Your invention to prevent problems from candles sounds very interesting.



In answer to your question, there are several ways you can have an 

electrical measurement for temperatures.



For example, thermistors change their resistance with temperature.



Thermocouples are made up of two different conductors, for example two different
 metals like iron and copper.  The two different conductors are connected at
 two junctions. You could detect the temperature change from the candle by 
putting one junction where you want to measure the temperature, and the other
 further away  where it won't get much of the heat from the candle. The 
voltage between the two junctions can be used to measure temperature.

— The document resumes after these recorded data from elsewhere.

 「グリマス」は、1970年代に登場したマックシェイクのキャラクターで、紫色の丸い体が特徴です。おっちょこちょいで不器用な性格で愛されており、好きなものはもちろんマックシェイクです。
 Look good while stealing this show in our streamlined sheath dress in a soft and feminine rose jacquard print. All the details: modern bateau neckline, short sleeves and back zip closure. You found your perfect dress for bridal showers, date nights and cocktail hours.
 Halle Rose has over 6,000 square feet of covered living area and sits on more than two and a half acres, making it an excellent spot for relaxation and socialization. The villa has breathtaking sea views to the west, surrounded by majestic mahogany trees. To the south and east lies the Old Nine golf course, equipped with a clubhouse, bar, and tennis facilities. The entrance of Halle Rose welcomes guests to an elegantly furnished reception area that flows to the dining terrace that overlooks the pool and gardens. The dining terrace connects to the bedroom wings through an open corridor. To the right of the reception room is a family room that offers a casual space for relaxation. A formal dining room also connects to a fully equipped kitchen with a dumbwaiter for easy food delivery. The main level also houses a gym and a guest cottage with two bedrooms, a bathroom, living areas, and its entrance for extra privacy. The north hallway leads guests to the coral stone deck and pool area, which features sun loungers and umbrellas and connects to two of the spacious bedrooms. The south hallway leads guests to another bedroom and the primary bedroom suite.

However, a more interesting way may be to use a diode.  Diode are one way 
valves for electricity - current will flow if either a battery or a current 
source is hooked up one way, but not the other way.



If you hook up a diode in the "forward bias" direction (the direction in which 
electricity will flow), and force a current through it, then measure the 
voltage between the two sides of the diode - this voltage will be directly 
related to the temperature.  



For example, with a silicon diode, if you force about 1 mA (1 milliampere), 
you might measure a voltage of about 650 mV (650 millivolts) at room 
temperature. Room temperature is about 298 degrees Kelvin (the Kelvin scale 
stars with zero degrees Kelvin being "Absolute Zero" - the lowest possible 
temperature, a temperature at which all motion of atoms and so forth stops).

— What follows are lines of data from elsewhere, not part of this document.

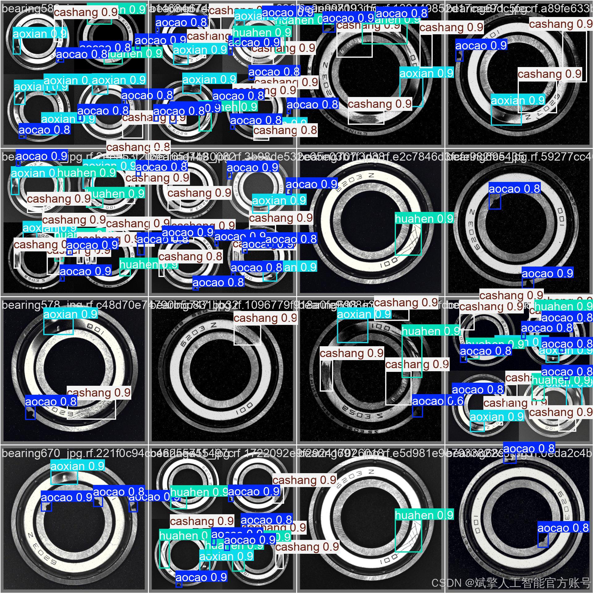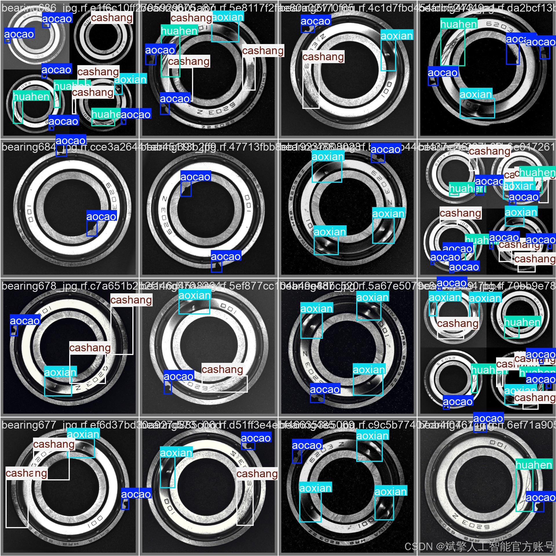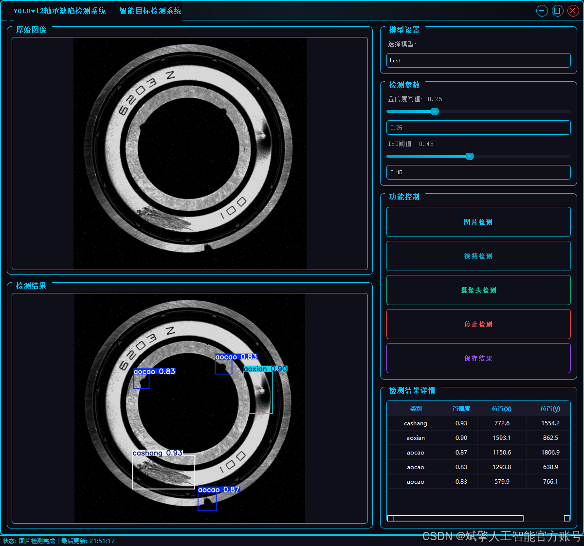 本文基于最新的YOLOv12算法,构建了一套轴承缺陷智能识别系统。该系统采用包含4类缺陷(aocao、aoxian、cashang、huahen)的数据集进行训练和验证,其中训练集759张、验证集326张,确保模型具备良好的泛化能力。此外,系统设计了直观的UI界面,并集成登录注册功能。实验证明,该系统能够实现高精度的轴承缺陷检测,为工业质量控制提供了智能化解决方案。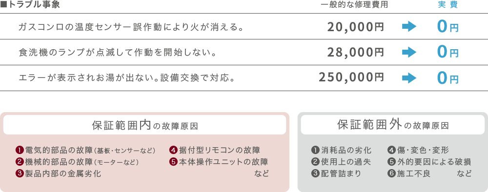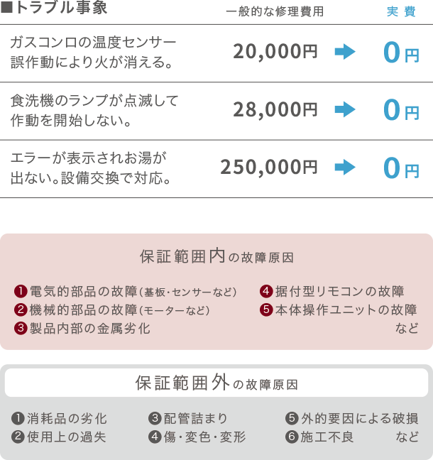 保証対象となる故障や不具合の修理・交換に関わる部品代、作業料、出張料などすべて無料です。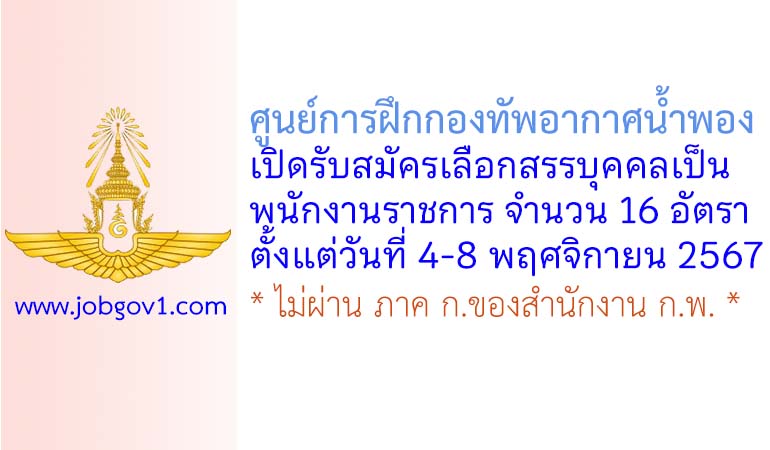 ศูนย์การฝึกกองทัพอากาศน้ำพอง รับสมัครเลือกสรรบุคคลเป็นพนักงานราชการ 16 อัตรา ตั้งแต่วันที่ 4-8 พฤศจิกายน 2567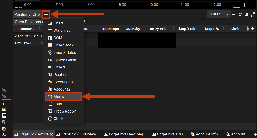 To add the Alert Tab, press the "+", and select "Alerts" from the drop-down menu. From this tab, all alerts can be viewed as well as created, deleted, or edited.

If the flame gets close, the diode might get to the boiling point of water, 
which is

about  373 degrees Kelvin.  At this temperature, still forcing the same 
current, the voltage will be   (650 mV)  x  (373 / 298) ,  or about  815 mV.  



If you tried this with an L.E.D. (Light Emitting Diode) instead of a silicon 
diode, you might get several benefits.  If you forced enough current through 
the diode to get it to light up, you might get a voltage that is somewhat 
higher - between 1 and 2 volts. If the forward voltage was 1.5 volt, then 
heating it up to the boiling point of water would generate (1.5) x (373/298), 
or about 1.9 volts - this larger voltage difference will be easier for you to 
measure.



Other benefits are that you could visually tell what is going on - the LED 
lights up when you forward bias it.  Also, if you have an LED that turns on at 
just under 1.5 Volts, then you could bias it with a D-cell battery for 
example, and the L.E.D. light would go out when the temperature got so high 
that  the forward voltage is more than the 1.5 volts that the D-cell battery 
can deliver.



If you want to bias the diode with a current source, you might want to look up 
in a basic electronics book how to make a current source - the electronics 
book may refer to it as a "current mirror".

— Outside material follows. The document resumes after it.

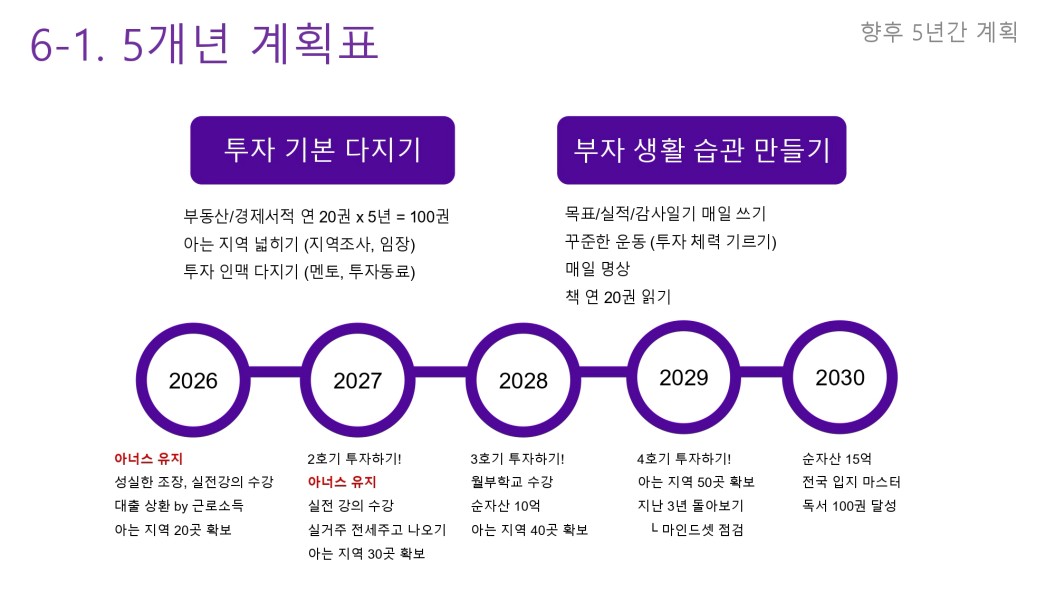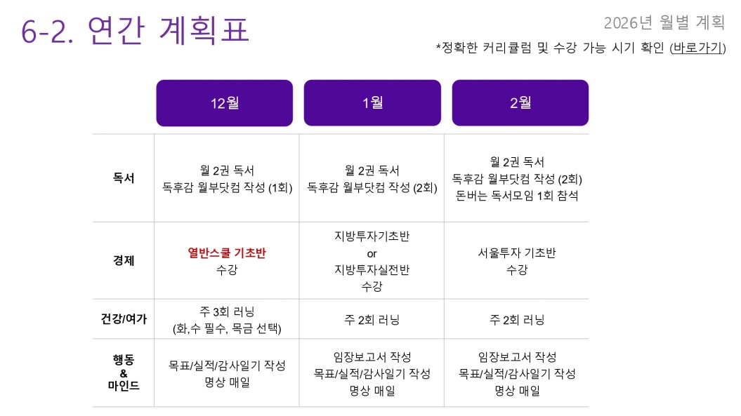 - 투자: 서울투자 기초반 수강 or 열반스쿨 실전반 수강, 아는지역 1개 만들기

If you use the diode approach,  try to get a diode in a metal can package 
rather than a plastic package - otherwise, since plastic burns, you might want 
to find some way to make sure either that the flame never gets near the diode, 
or that your invention turns off the fire before the flame hits the diode.



Another approach that a friend at work mentioned is to simply hook up a 
circuit with some solder wire.  When the flame gets too close to the solder, 
the solder will melt, and break the conduction path for the circuit.  You 
could use this instead of using a diode at all - as a kind of "digital" (Yes 
or No) electrical detector of how close the flame is.   



Good luck with your invention!